# DATA:
-------------------------

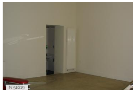
Parc culturel de Rentilly - Espace des Arts vivants
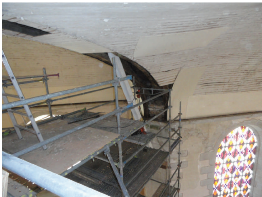
Approvisionnement et levage des poteaux métalliques d'étaie.
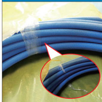
⑥ 保温材付パイプはストレッチフィルムが2~3ヶ所巻いてあるので破ります。
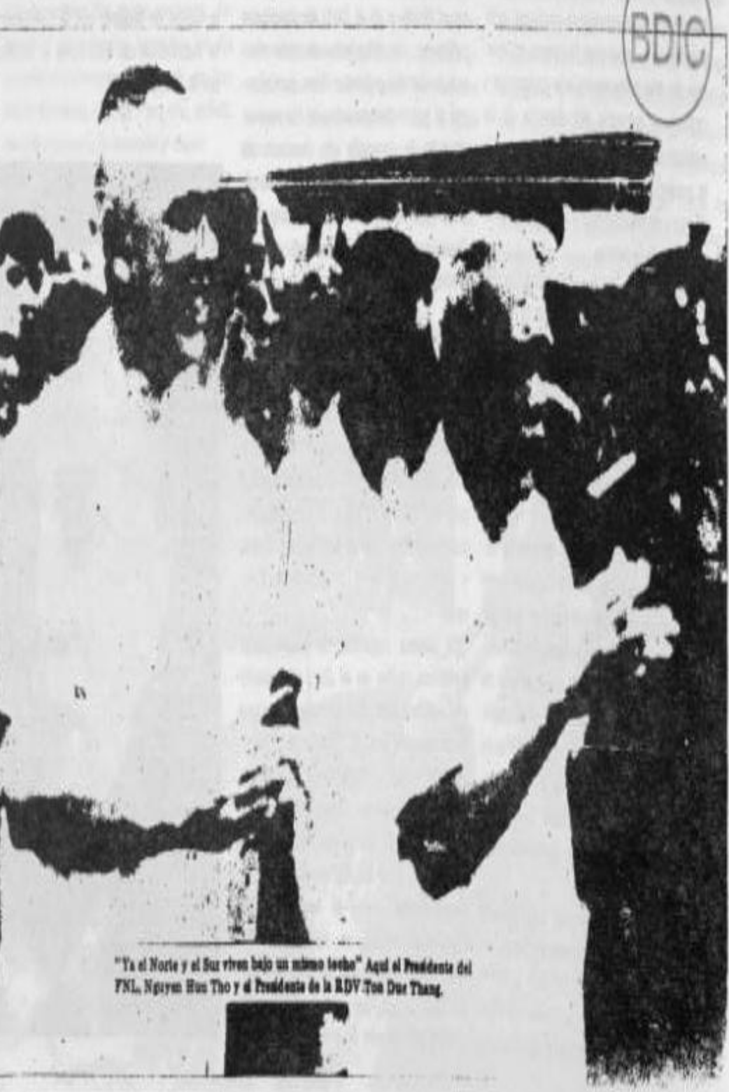
"Ya el Norte y el Sur viven bajo un mismo techo" Aquí el Presidente del FNL, Nguyen Huu Tho y el Presidente de la RVN Ton Duc Thang.

-------------------------

# WHAT YOU WILL DO:
Return the lines above exactly; the images are not part of the copy.

# EXERCISE SOLUTION:
Parc culturel de Rentilly - Espace des Arts vivants
Approvisionnement et levage des poteaux métalliques d'étaie.
⑥ 保温材付パイプはストレッチフィルムが2~3ヶ所巻いてあるので破ります。
"Ya el Norte y el Sur viven bajo un mismo techo" Aquí el Presidente del FNL, Nguyen Huu Tho y el Presidente de la RVN Ton Duc Thang.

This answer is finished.